Is there a timetable of a woman’s life that we need to keep up with? No. That makes this ad by Tanishq irrelevant and offensive.
I will be 40 in a few months, and sorry to break the perfect bubble, but I don’t have most of the things that the new ad from Tanishq introducing its new colourful collection, speaks of.
Picture the scene. A birthday party for the 40-year-old lady in a perfect pink setting. The friends singing, evident things pointing out her age and remembering her perfect young waist size, and her then boyfriend and now husband, as in when they first met. Song goes on to list her age-appropriate achievements, her perfect kids, her perfect job and her perfectly rose painted cheeks go even more pink as her friends gift her a perfect colourful diamond set.

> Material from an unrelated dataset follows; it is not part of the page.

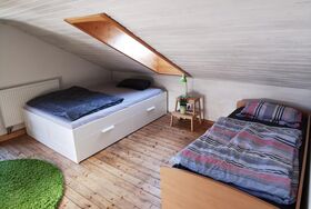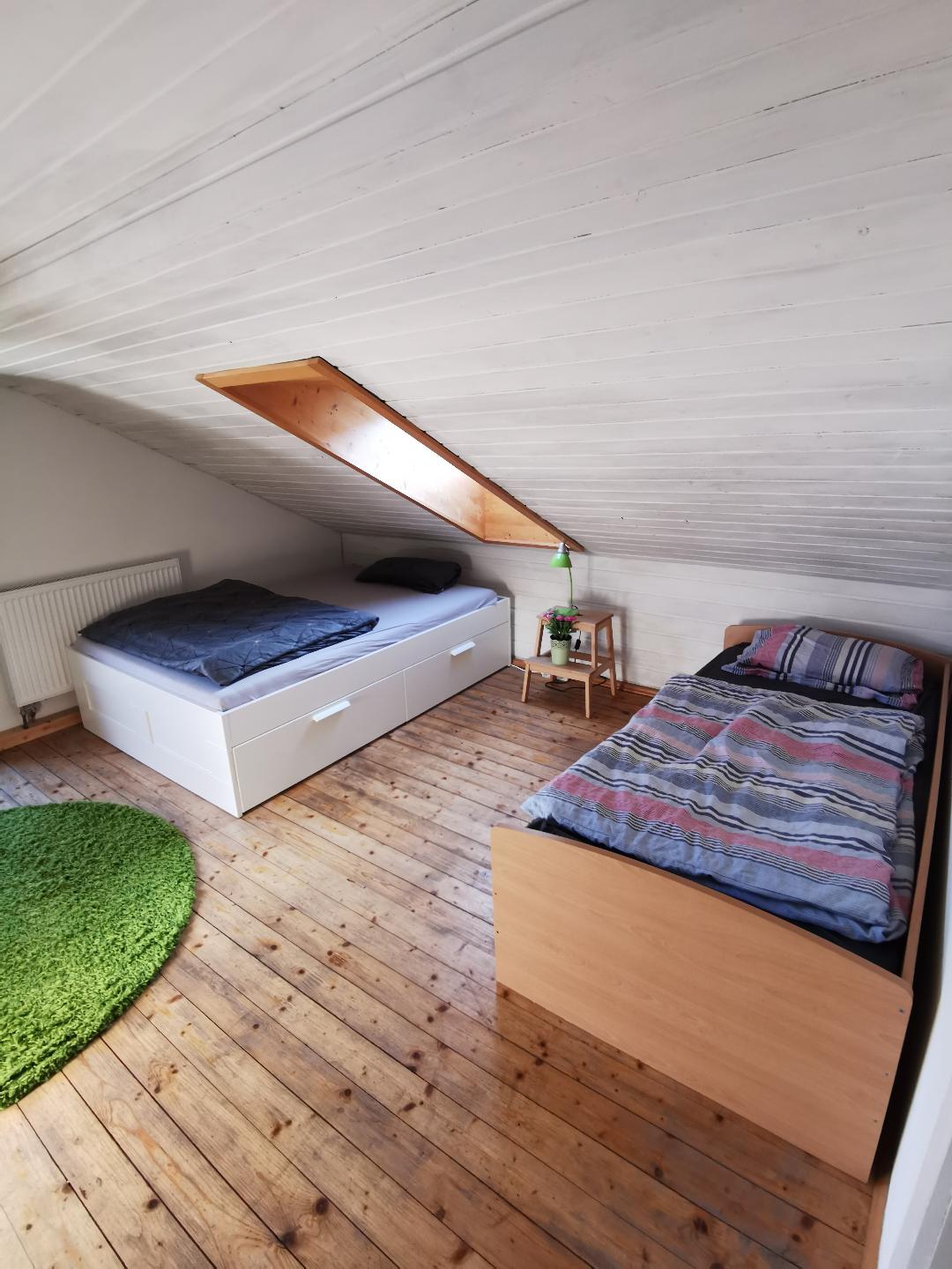 2. Etage- Zimmer 1: Einzelbett 140x200cm und Einzelbett 90x200cm, Kommode und Sessel
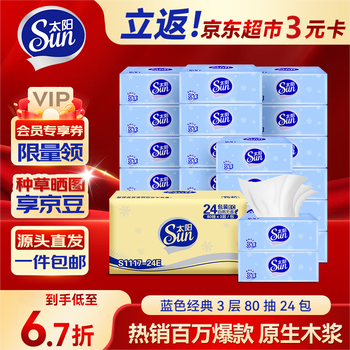 太阳(sun)抽纸3层加厚80抽*24包纸巾抽取式面巾纸软抽 源头直发

And everyone smiles including the husband who has just been called a well-trained husband. The ad ends up making you slightly irritated if not smiling or grinning, because guess what life is not a bed of roses.
Like any kid from the 90’s I grew up on a good dose of advertisements, which had perfect cozy homes, set in yellow light with white paint. Those picket-fenced lawns had a beautiful golden retriever and a lovely baby running after it. Sometimes it had hot jalebis, Rasna and Fanta’s or Pepsi or Maggie or Colgate as the background for these stories. Every set up was perfect; people were doing things assigned to their age. A young mother, a slightly white haired elegant grandmother, a beautiful kid who hugs and kisses his mother when he comes back from school or a husband with a handbag who has had a rough day at work, and needs a freshly brewed coffee, given by a young smiling chick, probably his wife.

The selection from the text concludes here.